A tenere il cantiere bloccato è il contenzioso tra la ditta che avrebbe dovuto svolgere i lavori e l’amministrazione comunale. «Noi ci ritroviamo in mezzo a questa situazione – aggiunge Pontigia – che rischia di metterci in ginocchio. Di solito a questo punto dell’anno avevamo già aperto il ristorante, ma neanche questo ci è possibile fare. Per entrare nel nostro stabilimento balneare dobbiamo chiedere la cortesia a quelli accanto di farci passare. Vi sembra una cosa normale? Per non parlare del fatto che in queste condizioni neppure i mezzi di soccorso potrebbero intervenire in caso di emergenza».

Ovviamente non mancano le conseguenze economiche. «Abbiamo già ricevuto richieste da parte di nostri clienti – sottolinea il titolare del bagno Zara – che vogliono uno sconto per dover convivere con questa situazione. Per poter in qualche modo attrezzare la spiaggia, cosa che non è affatto semplice, visto in che condizioni siamo, abbiamo rischiato anche di farci male, perché per portare dei portaombrelli di cemento che pesano ognuno 35 chili passando sulla pavimentazione tutta sconnessa abbiamo rischiato di tirarceli su un piede. Non si può lavorare in queste condizioni, però sembra che tutto questo non interessi a nessuno.

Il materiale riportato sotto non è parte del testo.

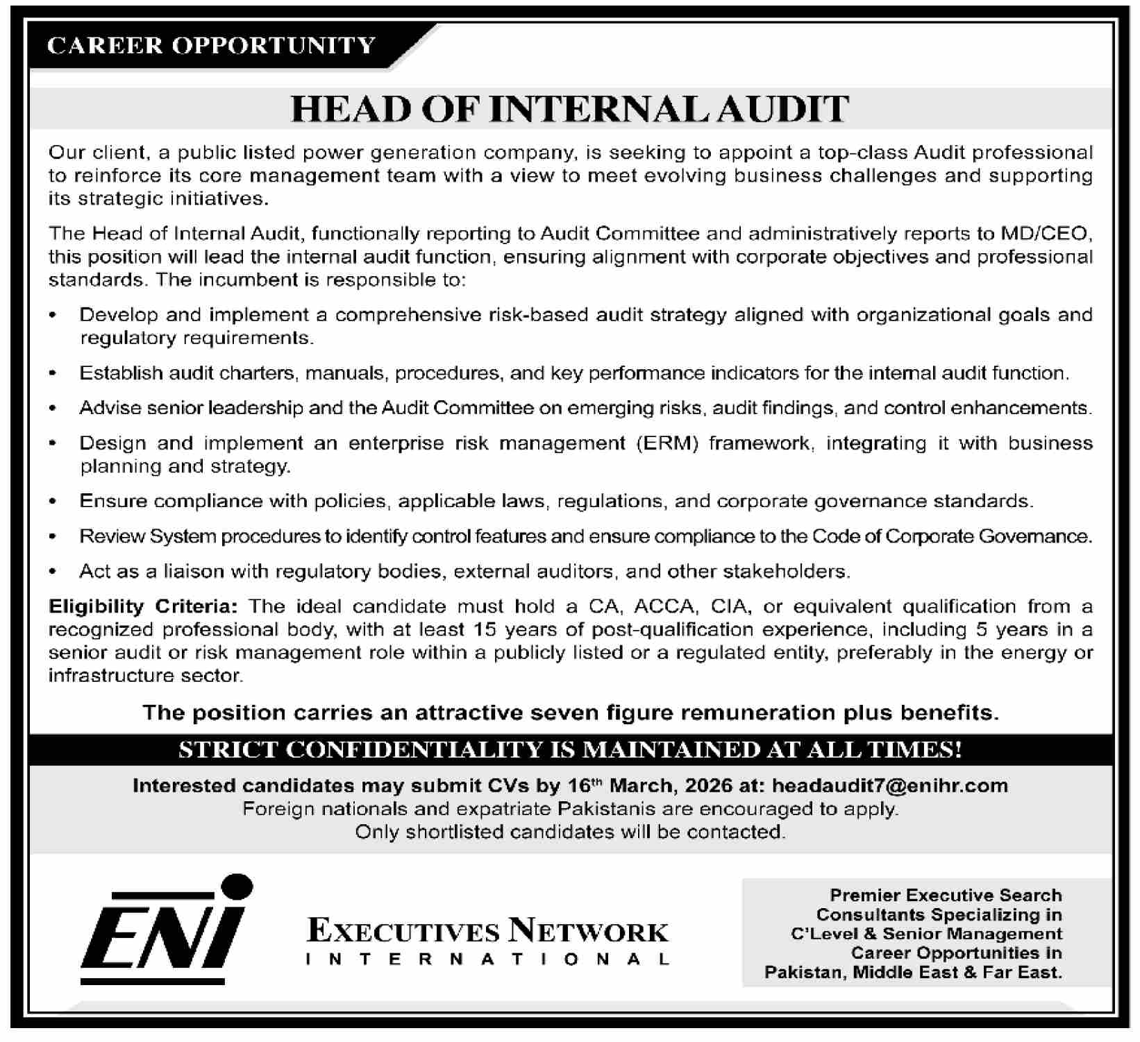NOTE: Interested candidate may submit CV’s at: headaudit7@enihr.com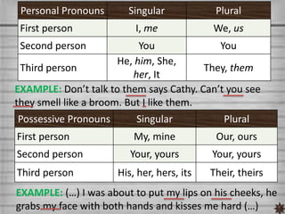 This document defines and provides examples of different types of pronouns: personal pronouns, possessive pronouns, reflexive and intensive pronouns, demonstrative pronouns, indefinite pronouns, interrogative pronouns, and relative pronouns. It also provides practice identifying different pronouns in examples sentences.

I danni che stiamo subendo sono ogni giorno sempre più in crescita».

Per il bagno Zara è un periodo molto complicato. L’alluvione dello scorso inverno ha provocato danni per circa 80mila euro «che l'assicurazione non ci ha rimborsato – sottolinea Pontigia – come pure non abbiamo ricevuto un euro dei fondi destinati a chi è stato colpito da quella calamità. Abbiamo iniziato la stagione con questa cifra in rosso, se ci aggiungiamo il fatto che non abbiamo potuto aprire il ristorante neppure a Pasqua e soprattutto che a tutt’oggi non sappiamo quando potremo aprire lo stabilimento balneare, si fa presto a quantificare l’entità del danno che stiamo subendo».

Il cantiere si è fermato quando dagli operai della ditta incaricata dei lavori è stato trovato un tubo dell'acquedotto in amianto. «Da lì è iniziato questo calvario che stiamo sopportando impotenti – conclude Pontigia – chiediamo solo che si trovi una soluzione immediata, perché non possiamo rischiare di compromettere la nostra stagione estiva per responsabilità non nostre. Ci sono lavoratori che come noi attendono risposte e che stanno facendo anche loro dei sacrifici per cercare di far fronte a tutto questo. Anche dal Comune attendiamo un segnale, perché l'immagine che viene fornita in piena stagione estiva della nostra città alla clientela che ha scelto l di trascorrere qui le vacanze da noi non è certo delle migliori».